In the event of a breach of the Corporate Integrity Agreement, the Company could become liable for payment of certain stipulated penalties, or its RehabCare subsidiaries could be excluded from participation in federal health care programs. The costs associated with compliance with the Corporate Integrity Agreement could be substantial and may be greater than the Company currently anticipates.

The foregoing descriptions of the Settlement Agreement and the Corporate Integrity Agreement are qualified in their entirety by the full terms of the Settlement Agreement and the Corporate Integrity Agreement, which are attached as Exhibit 10.1 and Exhibit 10.2 hereto, respectively, and incorporated herein by reference.

 

Item 2.03. Creation of a Direct Financial Obligation or an Obligation under an Off-Balance Sheet Arrangement of a Registrant.

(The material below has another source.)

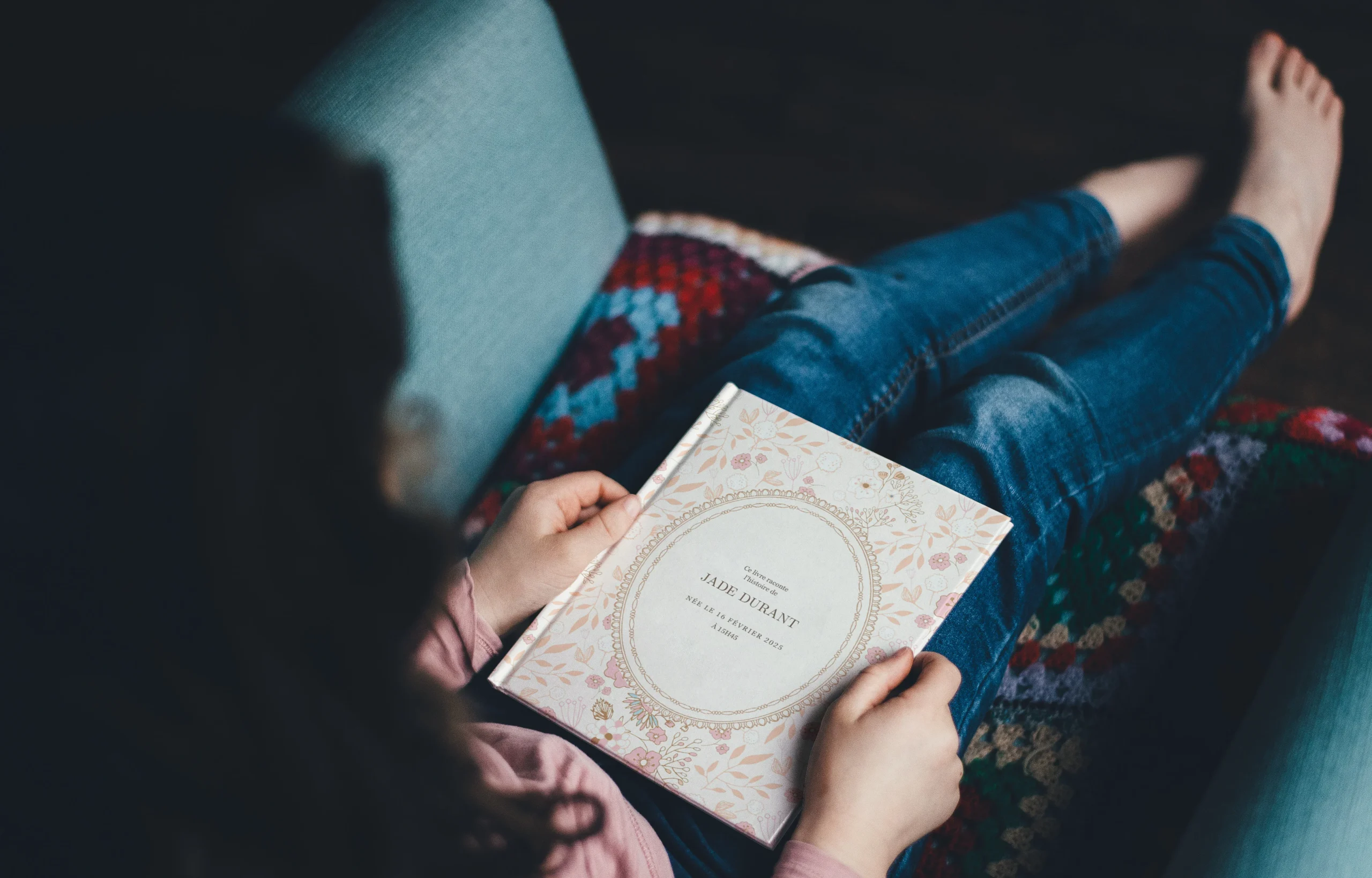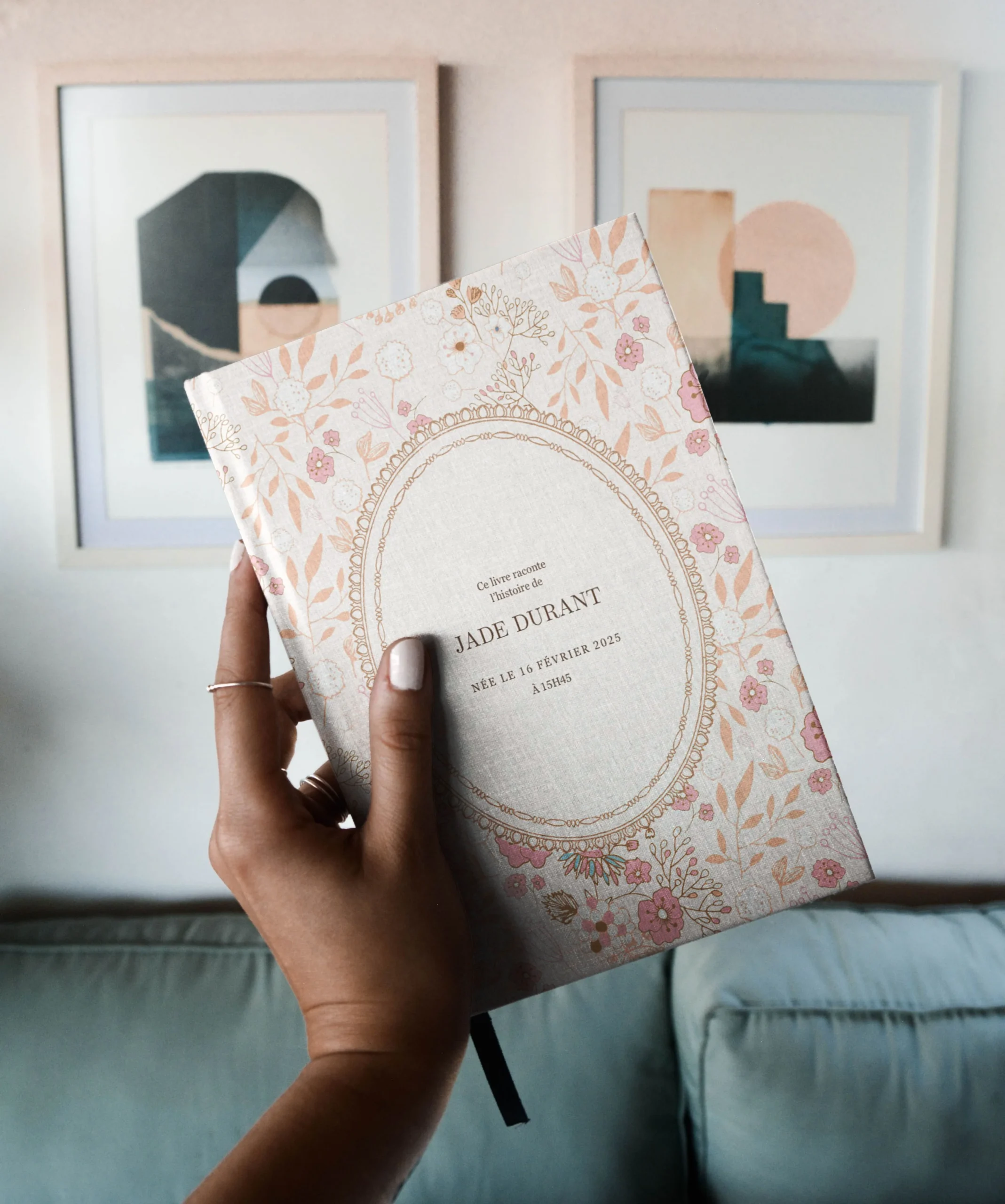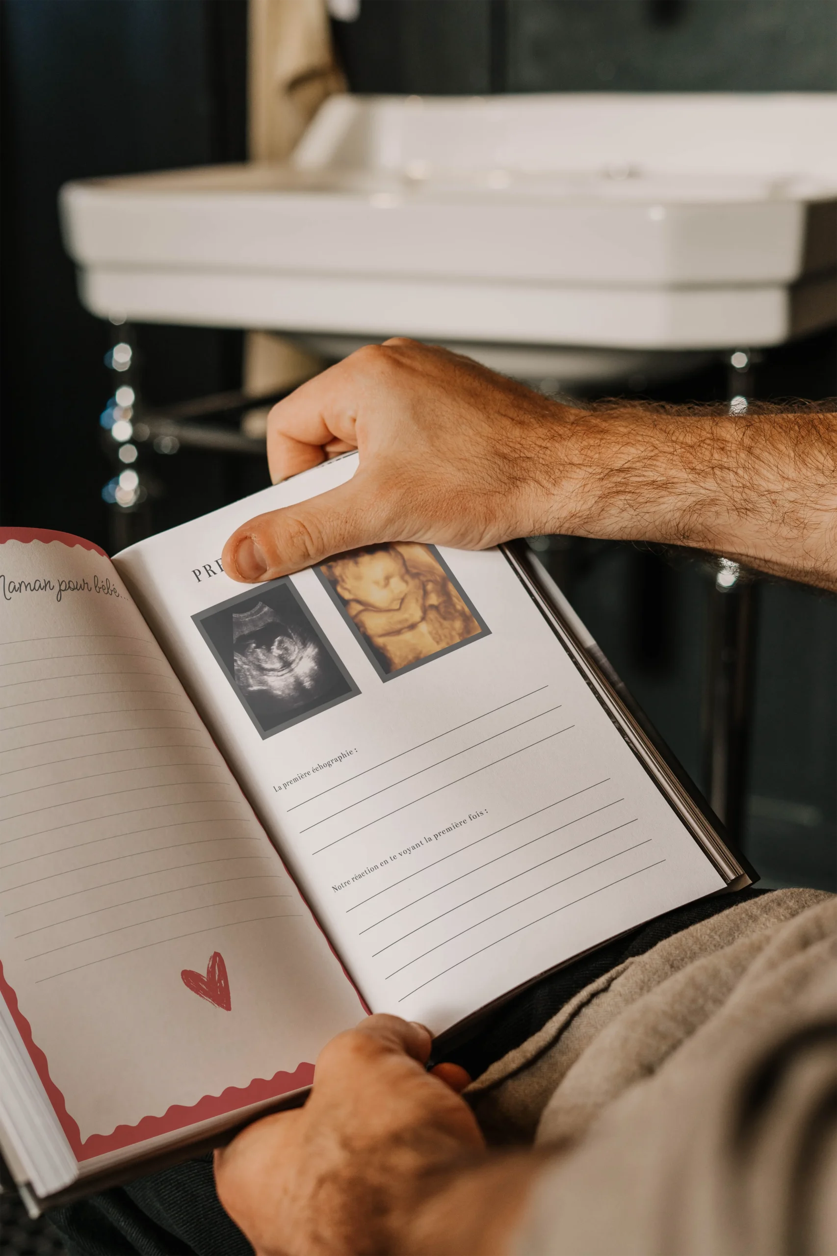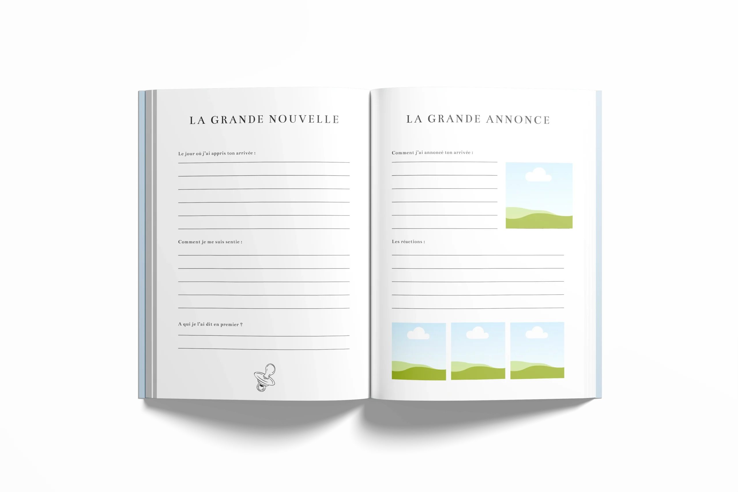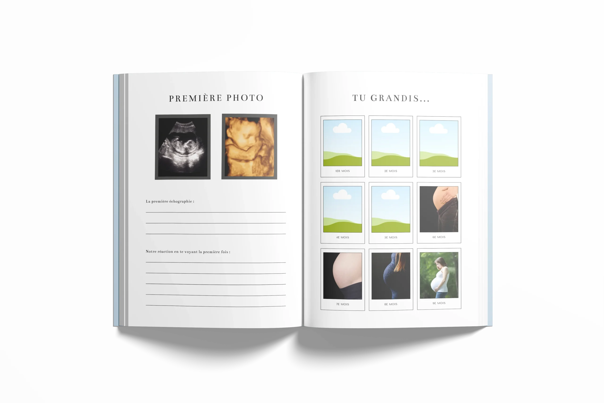 - 59 pages soigneusement conçues couvrant chaque étape de la grossesse et première année de bébé : photos de grossesse, récit de naissance, échographies, parrain et marraine, anniversaire, Noël…

The information set forth above under Item 1.01 regarding the Settlement Agreement is incorporated by reference into this Item 2.03.

 

Item 7.01. Regulation FD Disclosure.

Incorporated by reference is a press release issued by Kindred Healthcare, Inc. on January 12, 2016, which is attached hereto as Exhibit 99.1. This information is being furnished under Item 7.01 and shall not be deemed “filed” for purposes of Section 18 of the Securities Exchange Act of 1934, as amended (the “Exchange Act”), or otherwise subject to the liability of such section, nor shall this information be deemed incorporated by reference in any filing made by Kindred under the Securities Act of 1933, as amended, or the Exchange Act, except as expressly set forth by specific reference in such a filing.

 

Item 9.01. Financial Statements and Exhibits.

 

(d) Exhibits

 

Exhibit
No.

  

Description of Exhibit

10.1    Settlement Agreement, effective as of January 12, 2016, by and among the United States of America, acting through the United States Department of Justice and on behalf of the Office of Inspector General of the Department of Health and Human Services, RehabCare Group, Inc. and RehabCare Group East, Inc., Kindred Healthcare, Inc., and Janet Halpin and Shawn Fahey.
10.2    Corporate Integrity Agreement, effective as of January 11, 2016, by and between the Office of Inspector General of the Department of Health and Human Services, RehabCare Group, Inc. and Kindred Healthcare, Inc.
99.1    Press release dated January 12, 2016.


SIGNATURES

Pursuant to the requirements of the Securities Exchange Act of 1934, the registrant has duly caused this report to be signed on its behalf by the undersigned hereto duly authorized.

 

    KINDRED HEALTHCARE, INC.
Date: January 12, 2016     By:  

/s/ Joseph L. Landenwich

      Joseph L. Landenwich
      General Counsel and Corporate Secretary


EXHIBIT INDEX

 

Exhibit

  

Description

10.1
   Settlement Agreement, effective as of January 12, 2016, by and among the United States of America, acting through the United States Department of Justice and on behalf of the Office of Inspector General of the Department of Health and Human Services, RehabCare Group, Inc. and RehabCare Group East, Inc., Kindred Healthcare, Inc., and Janet Halpin and Shawn Fahey.
10.2    Corporate Integrity Agreement, effective as of January 11, 2016, by and between the Office of Inspector General of the Department of Health and Human Services, RehabCare Group, Inc. and Kindred Healthcare, Inc.
99.1    Press release dated January 12, 2016.